Regarding prostate lesion segmentation, previous research has demonstrated moderate agreement among radiologists, with a DSC ranging from 0.48 to 0.52 (33). The original development article (16) for the AI algorithm evaluated here reported a DSC of 0.36 for lesion-level segmentation in the testing sample, and our study achieved a DSC of 0.29 employing this algorithm in a new prospective sample. The DSC for the AI model in our study is consistent with that of other published AI models (30,34). For benign lesions the DSC was 0.14, whereas for csPCa the DSC reached 0.4 or higher. Moreover, the algorithm exhibited a tendency toward prioritizing the central region of the lesion, while radiologists incorporated additional cues to include peripheral aspects. The algorithm employed a benign prostatic hyperplasia filter to achieve a balance between segmenting a substantial portion of the lesion area and minimizing false-positive findings beyond tumor foci (16). Additionally, our results showed that the predictive capability of the AI algorithm was comparable to clinical PI-RADS interpretation. This suggests that identifying the position and existence of a lesion, even if it does not align entirely with the radiologist-defined extent, may be helpful for supporting diagnostic decision-making in csPCa detection and patient selection for biopsy. Of note, the performance of this AI model was higher in higher PI-RADS category lesions; this model may be useful for PI-RADS category 5 lesion biopsy planning, as it detected 92% (165 of 179) of the lesions and achieved a DSC of greater than 0.50.

In the near future, this AI algorithm could be clinically deployed as a companion system implemented in the clinical picture archiving and communication system. This AI algorithm can act as a second reader opinion by providing binary prediction masks and probability maps for radiologists during their readings. It is important to note that for participant-level analysis, the algorithm had positive prediction in these participants, and this does not necessarily indicate the lesion itself was localized. Thus, the algorithm could function as a patient triage tool for biopsy as the AI model was able to identify the majority of participants with csPCa.

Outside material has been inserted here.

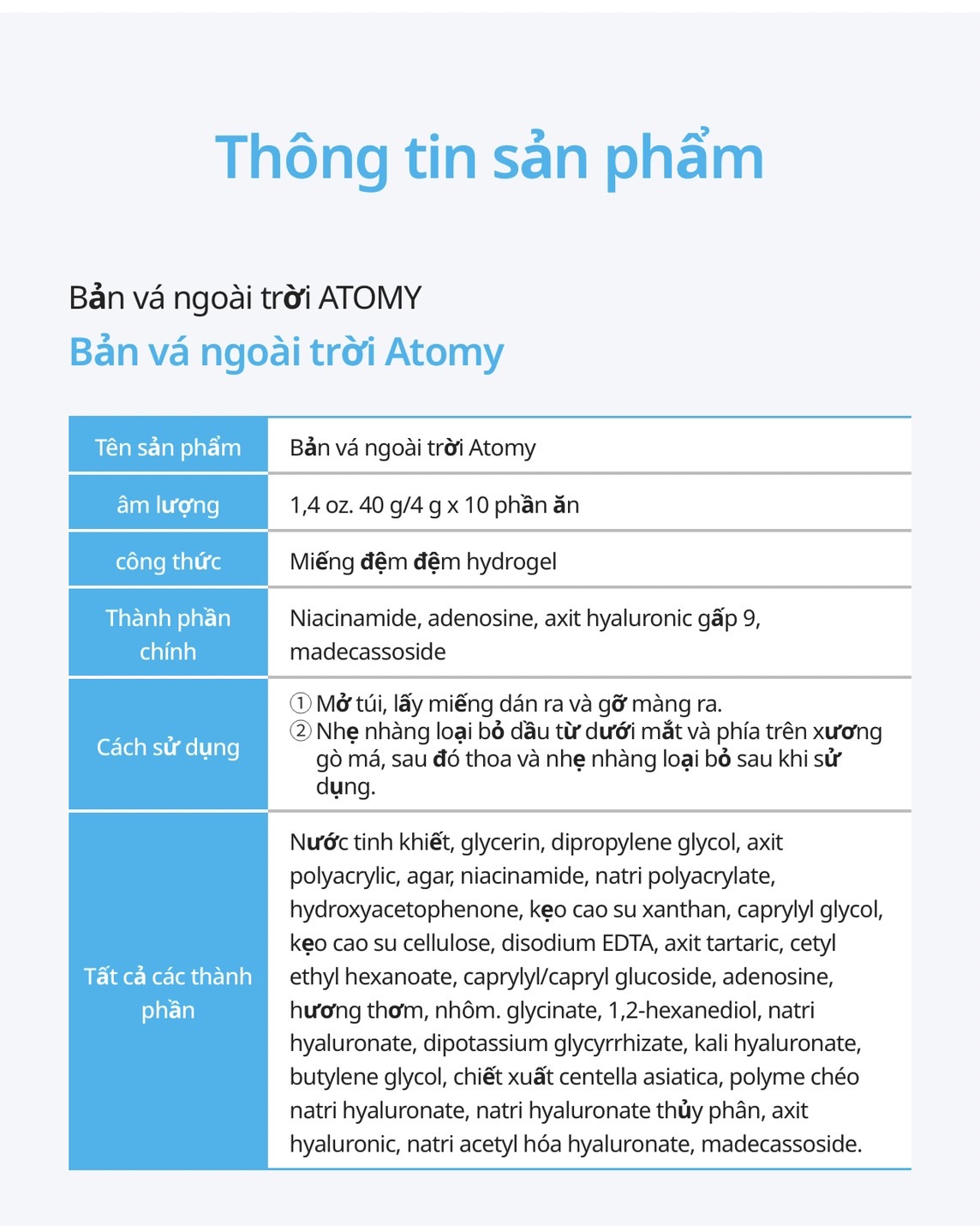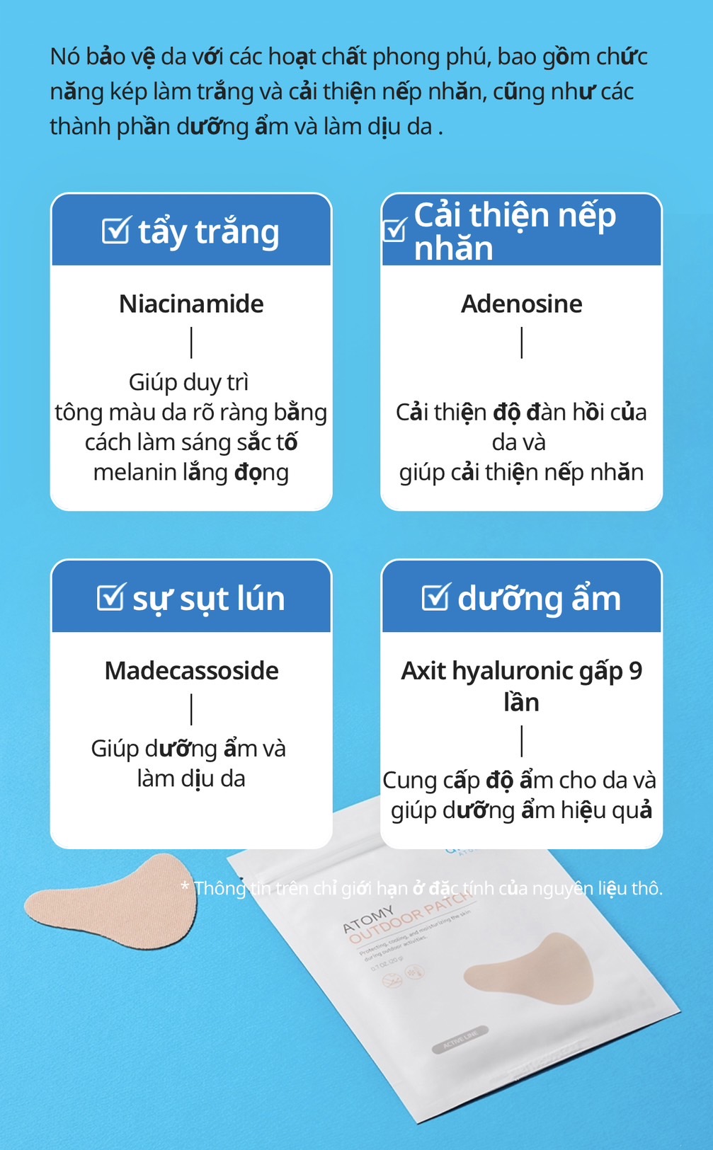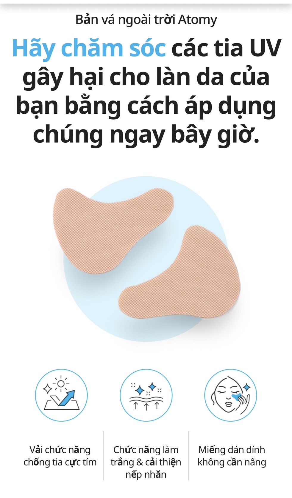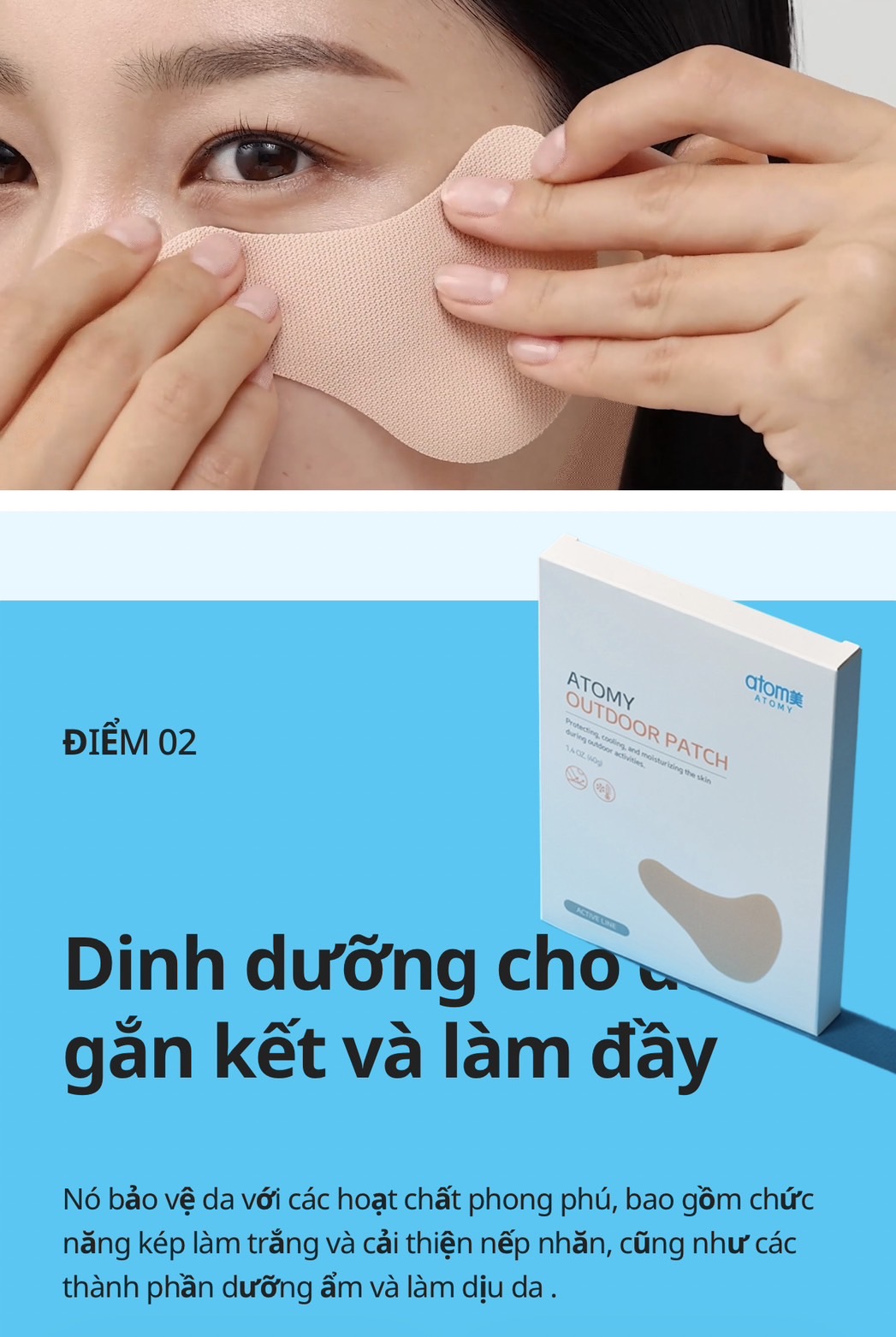 🌞 Atomy Outdoor Patch giúp ngăn ngừa tia UV, dưỡng trắng da, giảm nếp nhăn, bảo vệ da dưới tác động trực tiếp của ánh nắng mặt trời.

Additionally, not only does the algorithm offer decision support by highlighting lesions and additional areas of concern for radiologists, but its exportable lesion segmentation masks also present an opportunity for automating the labor-intensive processes of lesion segmentation (especially for PI-RADS 5 lesions), streamlining tasks related to biopsy and radiation therapy planning.

Our study has several limitations. All scans were evaluated and annotated by one expert genitourinary radiologist. This might limit the reproducibility of this study; however, this also serves as an ideal situation for level 2 analysis per Fryback and Thornbury (35), addressing the diagnostic performance of a new diagnostic imaging method. Achieving results similar to those of a highly experienced expert radiologist is a desirable outcome for an AI algorithm. Another limitation is that this AI model does not incorporate dynamic contrast-enhanced imaging due to inconsistent image acquisition in the initial study population. Model performance might have been impacted by this lack of information related to dynamic contrast-enhanced imaging. However, biparametric MRI is becoming more popular as the current trend moves toward prostate MRI without the use of contrast agents (36,37).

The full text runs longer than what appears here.